DATA EXTRACT:
#####
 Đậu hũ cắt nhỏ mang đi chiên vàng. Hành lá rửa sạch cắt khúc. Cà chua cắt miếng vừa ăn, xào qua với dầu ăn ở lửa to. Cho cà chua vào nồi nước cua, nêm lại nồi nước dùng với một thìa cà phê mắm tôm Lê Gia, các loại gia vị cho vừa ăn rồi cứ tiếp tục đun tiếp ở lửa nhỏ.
#####
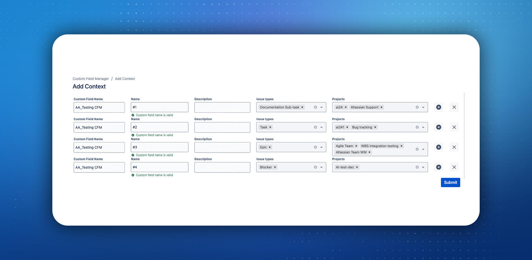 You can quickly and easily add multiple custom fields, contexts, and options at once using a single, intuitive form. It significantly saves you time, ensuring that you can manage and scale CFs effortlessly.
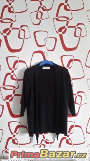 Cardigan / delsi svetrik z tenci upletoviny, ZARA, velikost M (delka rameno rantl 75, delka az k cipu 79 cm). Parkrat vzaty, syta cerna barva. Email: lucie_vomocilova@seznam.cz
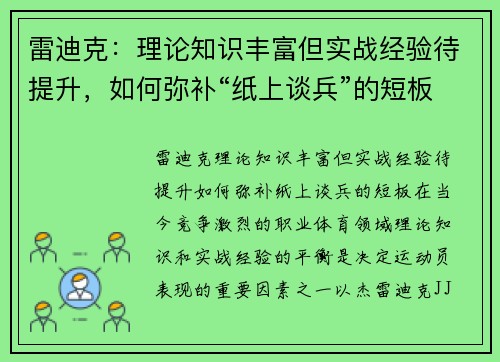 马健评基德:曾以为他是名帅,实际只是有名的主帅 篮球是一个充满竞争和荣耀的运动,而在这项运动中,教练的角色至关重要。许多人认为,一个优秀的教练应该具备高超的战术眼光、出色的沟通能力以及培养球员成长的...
#####
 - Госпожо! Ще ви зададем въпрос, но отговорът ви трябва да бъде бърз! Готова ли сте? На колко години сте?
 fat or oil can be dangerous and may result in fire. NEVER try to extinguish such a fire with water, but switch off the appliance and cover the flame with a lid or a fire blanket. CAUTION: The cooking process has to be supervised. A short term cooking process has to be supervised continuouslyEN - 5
#####
WHAT NEEDS TO BE DONE:
Given the listing above, repeat exactly the lines starting at the one with "Cardigan / delsi" and ending at the one with "马健评基德:曾以为他是名帅,实际只是有名", inclusive, excluding pictures.

SOLUTION TO THIS EXERCISE:
 Cardigan / delsi svetrik z tenci upletoviny, ZARA, velikost M (delka rameno rantl 75, delka az k cipu 79 cm). Parkrat vzaty, syta cerna barva. Email: lucie_vomocilova@seznam.cz
 马健评基德:曾以为他是名帅,实际只是有名的主帅 篮球是一个充满竞争和荣耀的运动,而在这项运动中,教练的角色至关重要。许多人认为,一个优秀的教练应该具备高超的战术眼光、出色的沟通能力以及培养球员成长的...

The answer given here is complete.